A Brill Calendar: May 1

Plantijn: Printer to Leiden Academy

Few lines of poetry come closer to wisdom than T.S. Eliot’s ‘in my end is my beginning’.

An apt quotation for May 1st 1583, when Christoffel Plantijn, then some 63 years old, was appointed Printer to the Leyden Academy. The Master returned to the Antwerp head-quarters of his ‘multinational’ soon afterwards; in 1585.

The eighth lustrum of the 16th century is a true hinge in time. Some seven months before Plantijn’s appointment, the Western calendar was reformed by authority of Pope Gregory XIII. In the year just mentioned, (1583) the great scholar Scaliger – eventually, in 1593, a Leyden Professor – published ‘Opus de emendatione temporum’, the foundation of modern chronology. In 1584 in Lucca (Papal States), the ‘Academia dei Scienze Lettere ed Arti’ began its existence. 1584 AD, also saw the assassination of William the Silent, Count of Nassau, Prince of Orange, in Leyden’s neighbour-city, Delft. The news, shocking Europe, must have reached Plantijn the same day; July 10.

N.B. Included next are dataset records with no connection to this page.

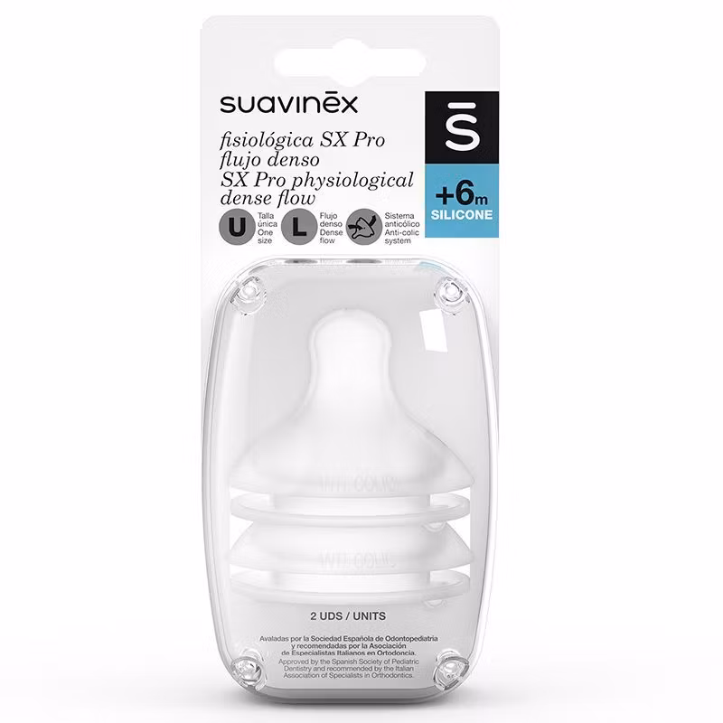 Suavinex Sx Pro Physio Silicon është një kokë biberoni prej silikoni të një cilësie të lartë e përshtatshme për t’u përdorur në fëmijë nga mosha 6 muaj e në vazhdim. Forma anatomike e biberonit i ngjason formës së gjirit gjatë gjidhënies. Ka një vendosje të mirë në gojën e fëmijës duke ushtruar pozicion minimal në qiellzë dhe nuk e dëmton atë. Nuk përmban BPA.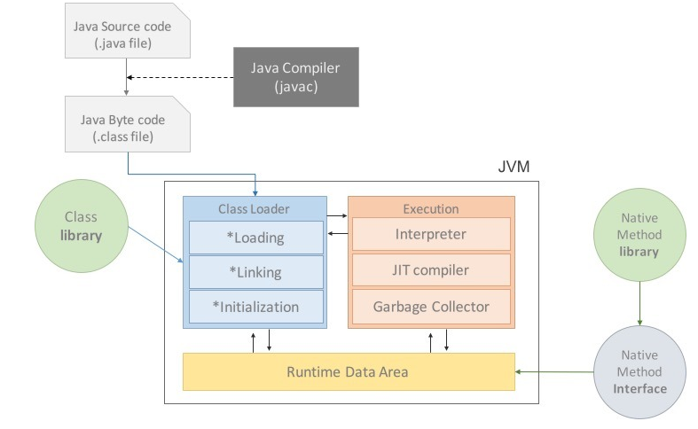 - Execution Engine : 클래스 로더가 JVM내의 Runtime Data Areas에 바이트코드를 배치시키고, 실행 엔진에 의해서 바이트코드가 기계어로 변환된다. 실행 엔진의 종류에는 Interpreter와 JIT Compiler가 있습니다.
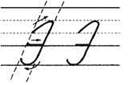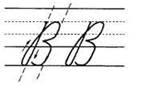 1. Ставим ручку на 1/3 сверху в дополнительной строке, опускаемся по наклонной линии, кладём петельку (не доходя 1/3 рабочей строки, уходим влево и выписываем петельку на нижней линеечке рабочей строки, длина которой равна 1/2 рабочей строки, а высота — 1/3 рабочей строки) на строку, выполняем перехлёст на 1/3 снизу на наклонной, резко опускаемся и задерживаемся на строке, поднимаемся вверх, плавно закругляя, опускаемся вниз. (Перехлёст с верхней линеечкой и прямой наклонной линией на 1/3 от высоты рабочей строки.)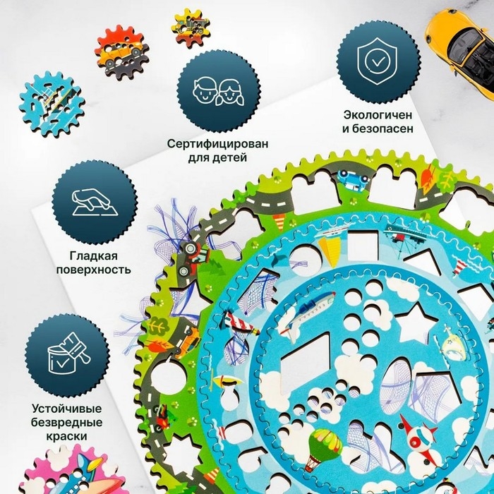 Спирограф — многофункциональная деревянная развивающая игрушка для рисования. Он имеет яркое оформление с тематическими изображениями, состоит из 2 зубчатых колёс с фигурными трафаретами и 5 кругов-шестерёнок.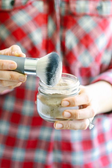 Также можно наносить сухой шампунь на корни волос с помощью крупной кисти для макияжа или помазка, словно припудривая их.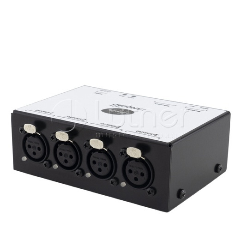 Контроллер LANQUAD предназначен для управления световыми DMX-приборами через локальную сеть Ethernet. Поддерживает протокол ArtNet v4, DMX512. Контроллер оснащен четырьмя DMX-выходами.
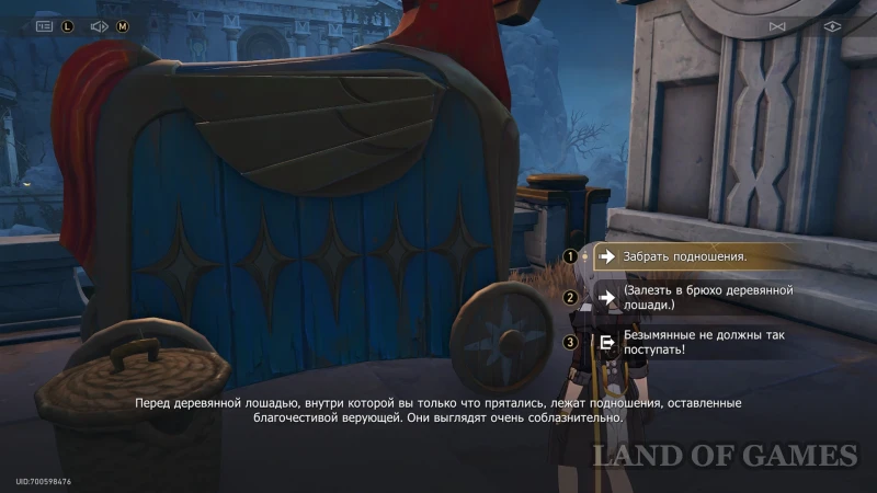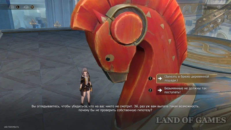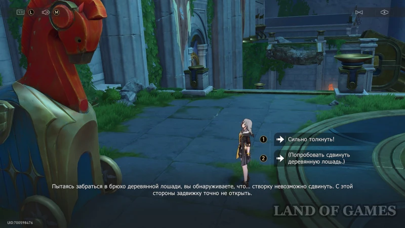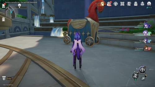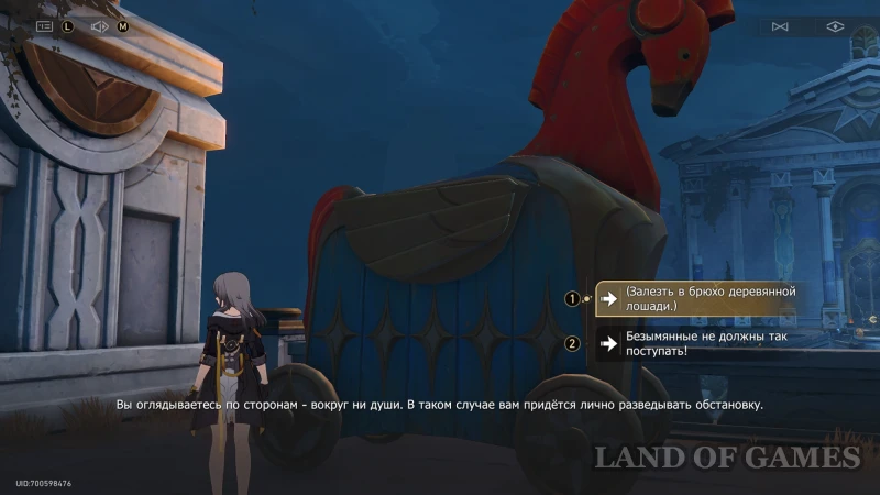Переместитесь к якорю «Палата полубогов: Передний двор» в указанной области, а затем пройдите направо, и вы почти сразу же увидите перед собой коня. Взаимодействуйте с ним и выбирайте любые ответы, после чего у вас разблокируется ачивка Земледелец и деревянная лошадка.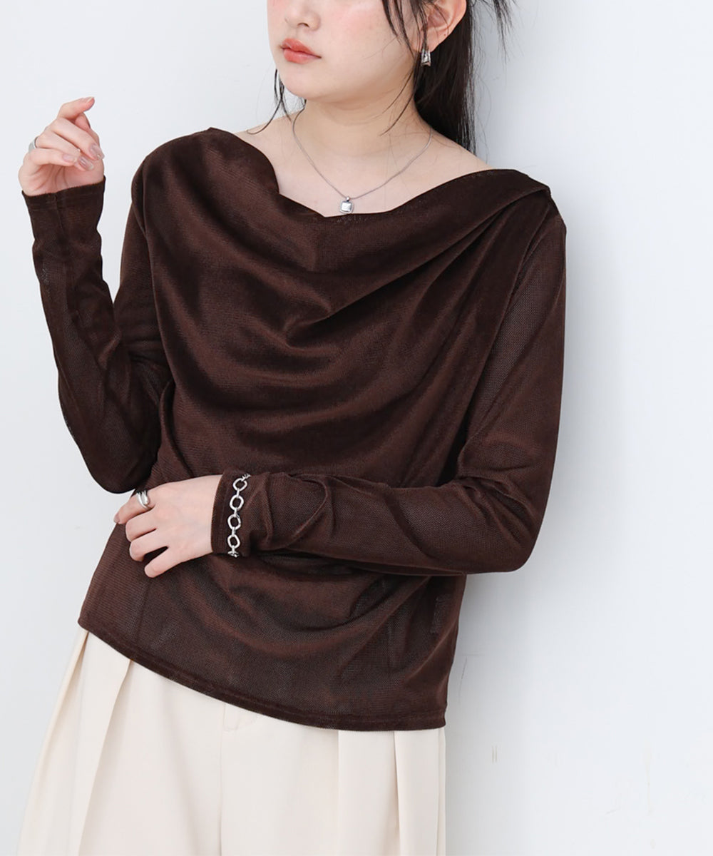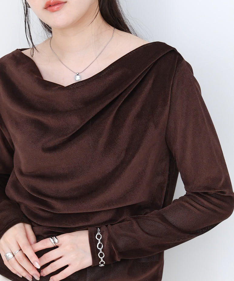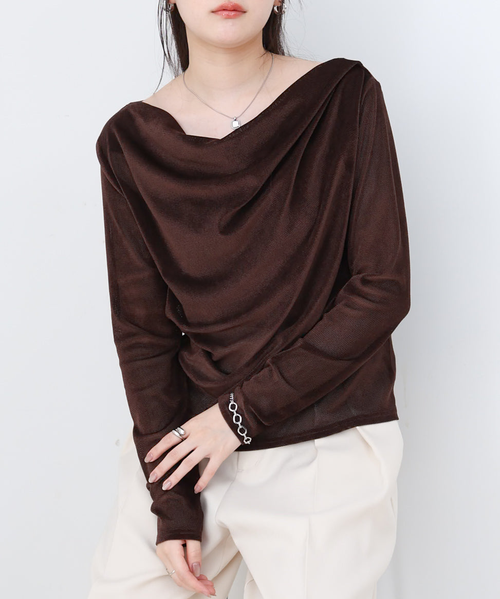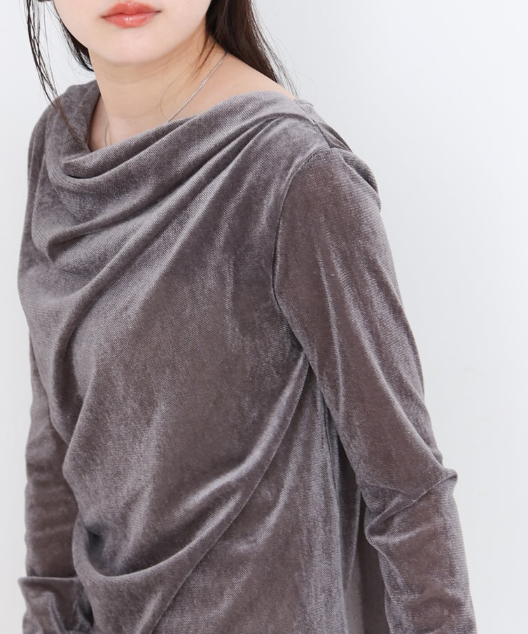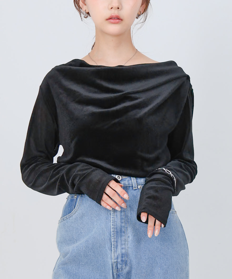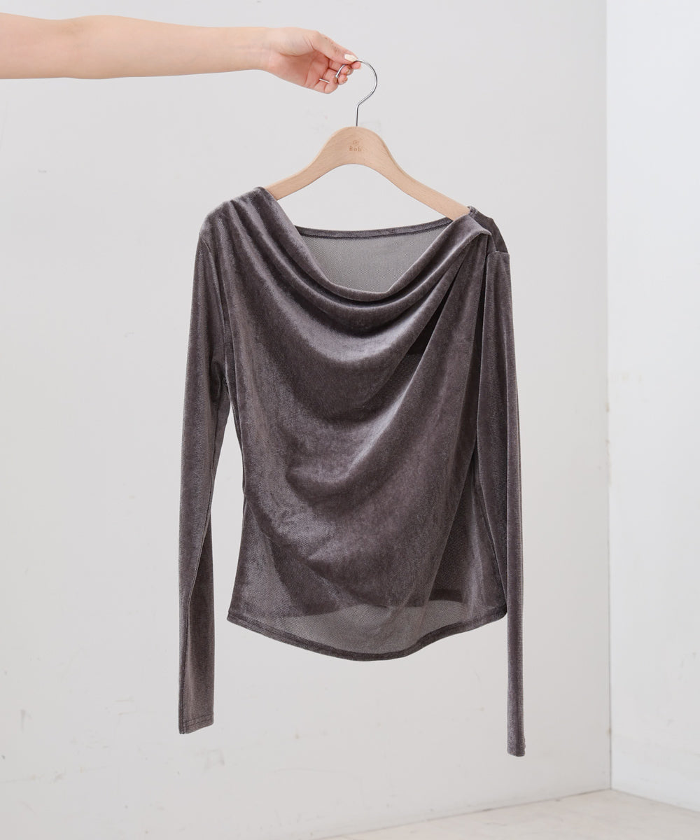 秋口にぴったりなベロア×シアーのトップスが登場!着るだけでさりげない光沢感が上品な印象にしてくれます。フロント部分にはドレープを施すことでトレンドライクになっています。デニムを合わせてカジュアルにしたり、サテンスカートなどと合わせてきれいめスタイルにしたりと秋コーデをお楽しみください!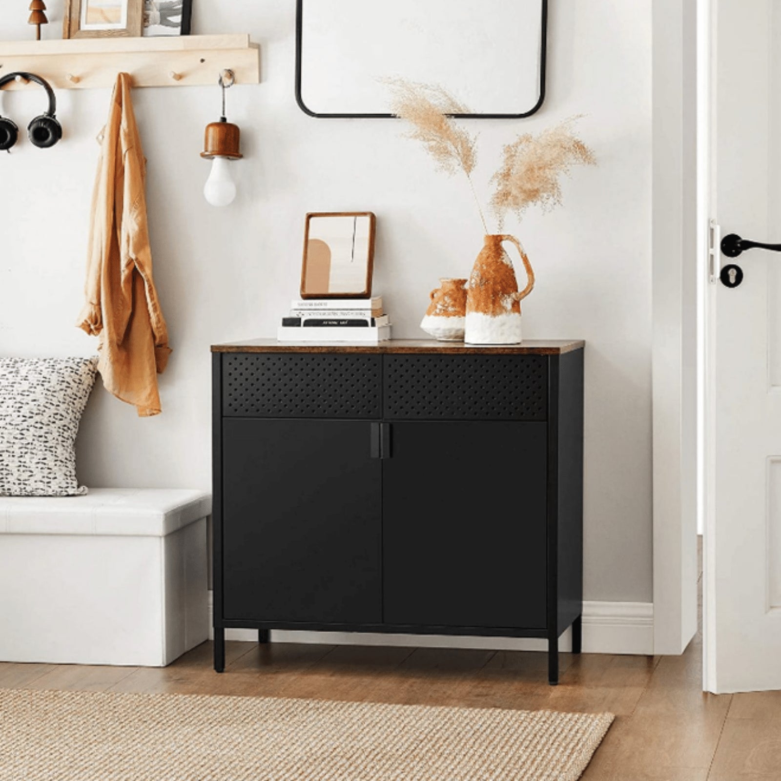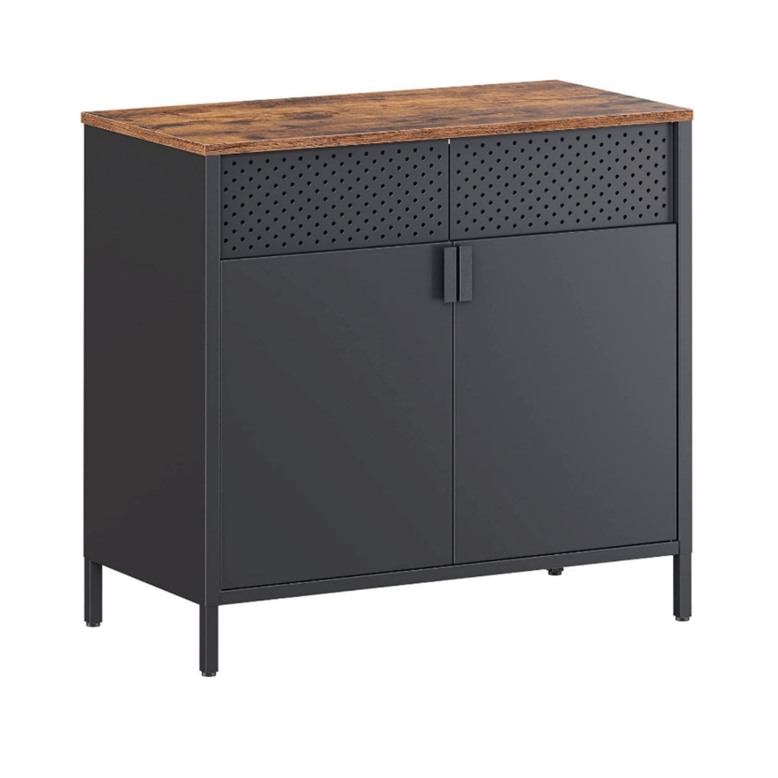 VOOR EEN STIJLVOL HUIS: Rustiek bruin houten blad, zwart metalen frame - deze lieve eenheid zorgt voor een karaktervolle industriële opbergkast JOUW ORGANISATIE, JOUW MANIER: Laat je decoraties zien op de rustieke top, maar hoe zit het met de kansen en de uiteinden die niet zo oogstrelend zijn? Open gewoon de deuren en verberg ze uit het zicht! En schaphoogte? Pas het naar boven of naar beneden aan, afhankelijk van uw behoeften STABIEL, KAN HET ZIJN: Het leven zit vol met veranderingen, maar er is één ding dat stabiel is: de opslagkast. Gemaakt van duurzame spaanplaat en een stevig stalen frame, zal het stevig aan uw zijde staan voor een lange levensduur AFMETINGEN: ?80 x 40 x 76 cm
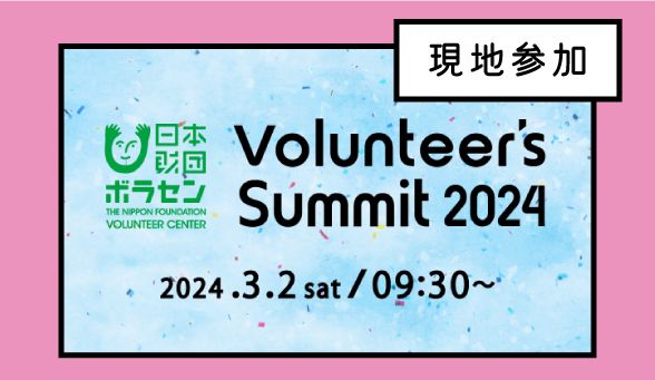 3/2(土) に行われる「Volunteer's Summit 2024」の様子を一部録画配信します! Volunteer's Summitは、日本財団ボラセンが主催する、日本に新しいボランティアカルチャーをつくり、その輪を広げていくためのカンファレンス&アワードセレモニーです。 普段、様々な場所でボランティア活動に携わる仲間たちが集まり、その経験や価値を分かち合い、また、年間を通じて活躍した個人や団体を讃え、ボランティアの可能性を広く社会へ発信していくことを目的として開催します。 また、元日に発生した能登半島地震で被災された皆様には心よりお見舞い申し上げます。今回のVolunteer's Summitでは「災害ボランティアなどの被災地支援」についても考える機会となれば幸いです。 現地にお越しになるのが難しい方、当日ご都合がつかない方など、ぜひお申し込みください!

When Plantijn died, on July 1 1589, back in Antwerp, his Printing and Publishing Empire, then past its twelfth decade, had weathered political storms and religious strife; a strategically prudent Paris branch-office opened well before the one at Leyden... Plantijn’s reputation and professional stature was already second to none since his ‘Biblia polyglotta’, (appearing in eight splendid volumes between 1569 and 1572). In his era, scholarly publishing could hardly enjoy luxuries associated with peace.

In appreciating Plantijn’s greatness it is seldom stressed – without taking refuge in apology – that an astute insight in the politics of both regular and secular leaders also provides a corner-stone for a printer's output, unsurpassed in cultural significance in the Western tradition.